---
file_format: mystnb
kernelspec:
  name: python3
title:      LOST in Triangulation
date:       2023-02-04
authors:
  - name:   Akshay Krishnan
    url:    https://akshay-krishnan.github.io/
  - name:   Sebastien Henry
    url:    https://seal.ae.gatech.edu/node/14
  - name:   Frank Dellaert
    url:    https://dellaert.github.io/
  - name:   John Christian
    url:    https://seal.ae.gatech.edu/node/1

---


This post introduces the triangulation problem and some commonly used solutions (both optimal and sub-optimal), along with GTSAM code examples. We also discuss a recently proposed **linear optimal sine triangulation method (LOST)** and compare its performance to other methods. 

:::{admonition} TL;DR:

LOST can be easily enabled in GTSAM by setting `useLOST=True` in `triangulatePoint3` to get state-of-the-art linear triangulation!
:::

# The triangulation problem

**Triangulation** is the problem of estimating the location of a 3D point from multiple direction measurements. The problem is commonly encountered in the domains of 3D reconstruction, robot localization, and spacecraft navigation, amongst others. The "direction measurements" are usually obtained from 2D observations of the same 3D point in different cameras.

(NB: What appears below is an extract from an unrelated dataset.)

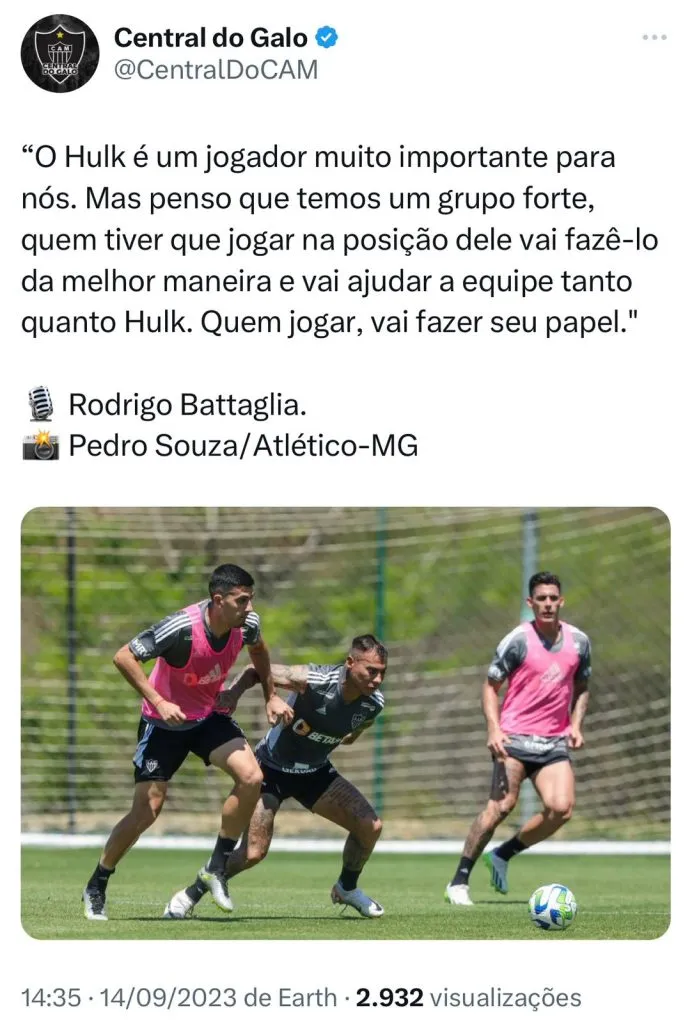 Por outro lado, o Atlético Mineiro não terá a presença de Hulk, que levou o terceiro cartão amarelo no último compromisso do Galo diante do Athletico Paranaense, na Arena da Baixada, e agora está inapto para atuar. Mesmo com a baixa do líder da equipe, o Galo tem condições de desempenhar um bom futebol. Na visão de Bataglia, o volante acredita que o Alvinegro pode vencer o líder do Brasileirão mesmo sem Hulk.

## A simple solution: the Direct Linear Transform

A commonly used method for triangulation is the **Direct Linear Transform (DLT)**, which poses the estimation of the 3D point as a least squares problem. Given the position of camera $i$ in the world frame as $\mathbf{^wp_i}$ and the 2D measurement (in homogeneous coordinates) of the point in this camera as $\mathbf{x_i}$, it uses the following constraint:

```{math}
:label: dlt-constraint
 \mathbf{x_i} \times \mathbf{R^i_w} (\mathbf{^wr} - \mathbf{^wp_i})  &= \mathbf{0} \\

\text{i.e } [\mathbf{x_i} \times] \mathbf{R^i_w} (\mathbf{^wr} - \mathbf{^wp_i})  &= \mathbf{0}
```

Here: 
- $\mathbf{^wr}$ is the position of the 3D point in the world frame, which is to be estimated
- $[\mathbf{x_i} \times]$ is a skew-symmetric matrix with elements $\mathbf{x_i}$, such that $[\mathbf{x_i} \times] \ \mathbf{b} = \mathbf{x_i} \times \mathbf{b}$ 
- $\mathbf{R^i_w} \in SO(3)$ is the rotation from world to camera frame $i$

{eq}`dlt-constraint` can be expressed in terms of the pixel measurements $\mathbf{u_i} = \mathbf{K_i} \mathbf{x_i}$ using the intrinsic calibration matrix of the camera $\mathbf{K_i}$:

```{math}
    [\mathbf{K_i^{-1}} \mathbf{u_i} \times] \mathbf{R^i_w} (\mathbf{^wr} - \mathbf{^wp_i})  = \mathbf{0}
```

With at least 2 camera measurements, this can be expressed as a least-squares problem of the form $\mathbf{A x} = \mathbf{b}$ with a unique solution (except in some degenerate conditions). For $n$ measurements, this equation is:

$$
\begin{equation}
\left[\begin{array}{c}
\left[\mathbf{K_1^{-1}} \mathbf{u_1} \times\right] \mathbf{R^1_w} \cr	\\
\left[\mathbf{K_2^{-1}} \mathbf{u_2} \times\right] \mathbf{R^2_w} \cr	\\
... \cr \\
\left[\mathbf{K_n^{-1}} \mathbf{u_n} \times\right] \mathbf{R^n_w} \cr
\end{array}\right] \mathbf{^wr} = 
\left[\begin{array}{c}
\left[\mathbf{K_1^{-1}} \mathbf{u_1} \times\right] \mathbf{R^1_w} \mathbf{^wp_1} \cr	\\
\left[\mathbf{K_2^{-1}} \mathbf{u_2} \times\right] \mathbf{R^2_w} \mathbf{^wp_2} \cr	\\
... \cr \\
\left[\mathbf{K_n^{-1}} \mathbf{u_n} \times\right] \mathbf{R^n_w} \mathbf{^wp_n} \cr
\end{array}\right]
\end{equation}
$$ (least-squares)


DLT solves the above equation using standard least-squares techniques. It also has interesting connections to the trigonometric sine rule, as discussed in the [LOST paper](https://doi.org/10.2514/1.G006989) ([Arxiv](https://arxiv.org/pdf/2205.12197.pdf)).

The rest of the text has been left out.